**Exercise objective**
An exact copy of each line below is needed, with no images in it.

**Exercise input**
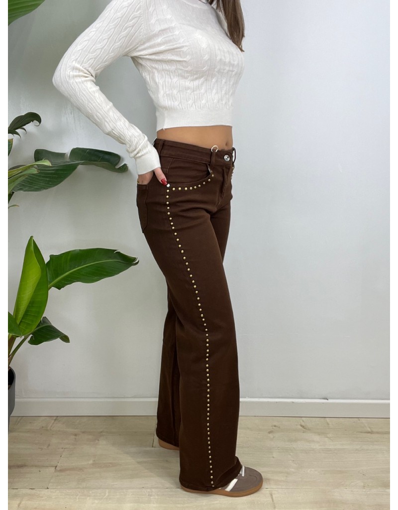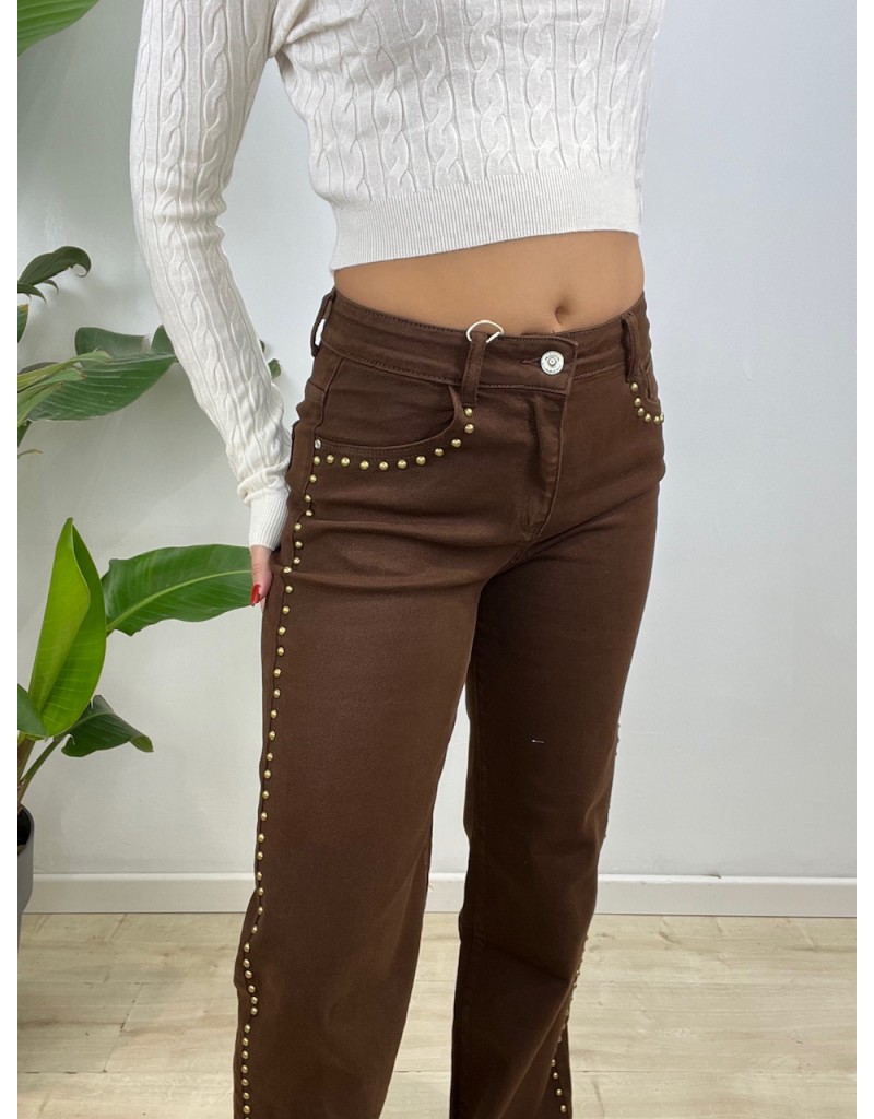Tessuto semielastico con borchiette.
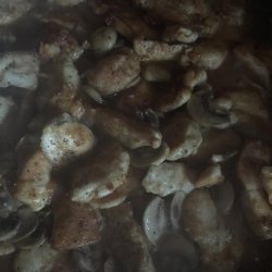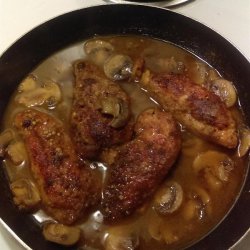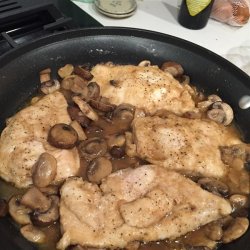 2Heat olive oil and butter in a large skillet over medium heat. Fry the chicken in the skillet for 2 minutes, or until lightly browned on one side. Turn chicken over, and add mushrooms. Cook about 2 minutes, until other side of chicken is lightly browned. Stir mushrooms so that they cook evenly.
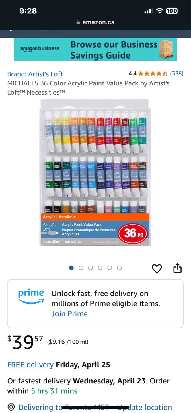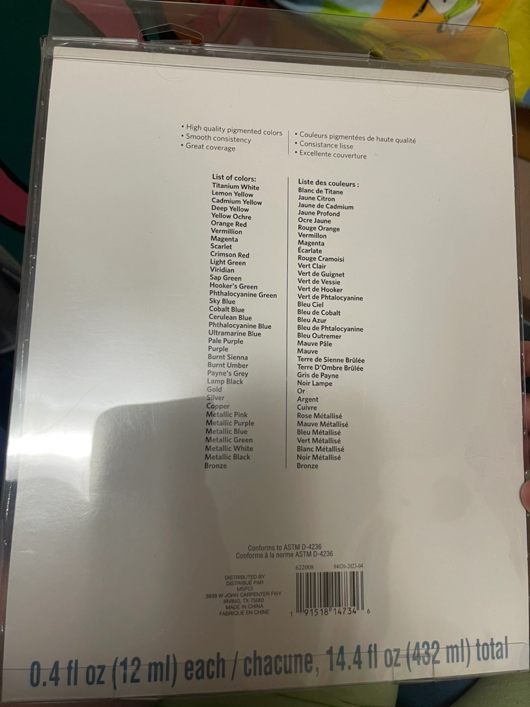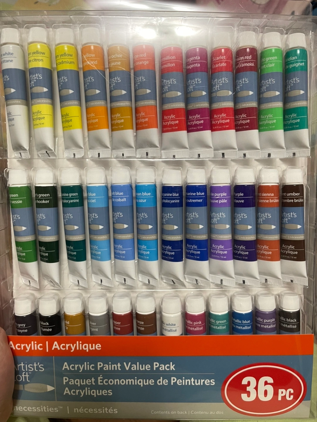 64336 tubes of acrylic paint. Great for students and hobbyists. Variety of colours. Value pack. Pick up Dundas and Spadina.
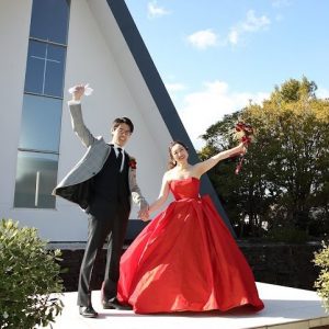 ガーデンに映える真っ赤なドレスも取り揃えております^^
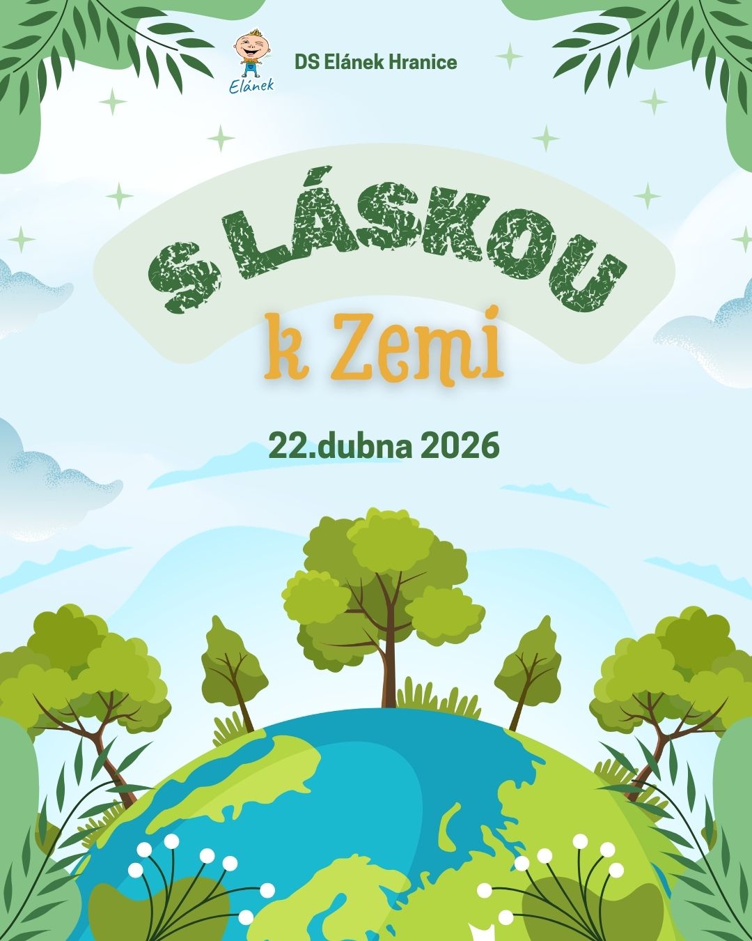 U příležitosti Dne Země si s dětmi ve středu 22.dubna 2026 připomeneme, jak důležité je chránit naši planetu a pečovat o přírodu kolem nás. Děti čekají hravé a poučné aktivity venku zaměřené na ekologii – povídání o třídění odpadu, ochranu přírody, jednoduché hry i tvoření s přírodní tematikou. Společně si ukážeme, jak může každý z nás přispět k tomu, aby byla naše Země čistá a zdravá - čištění přírody v okolí.

**Solution for this task**
Tessuto semielastico con borchiette.
 2Heat olive oil and butter in a large skillet over medium heat. Fry the chicken in the skillet for 2 minutes, or until lightly browned on one side. Turn chicken over, and add mushrooms. Cook about 2 minutes, until other side of chicken is lightly browned. Stir mushrooms so that they cook evenly.
 64336 tubes of acrylic paint. Great for students and hobbyists. Variety of colours. Value pack. Pick up Dundas and Spadina.
 ガーデンに映える真っ赤なドレスも取り揃えております^^
 U příležitosti Dne Země si s dětmi ve středu 22.dubna 2026 připomeneme, jak důležité je chránit naši planetu a pečovat o přírodu kolem nás. Děti čekají hravé a poučné aktivity venku zaměřené na ekologii – povídání o třídění odpadu, ochranu přírody, jednoduché hry i tvoření s přírodní tematikou. Společně si ukážeme, jak může každý z nás přispět k tomu, aby byla naše Země čistá a zdravá - čištění přírody v okolí.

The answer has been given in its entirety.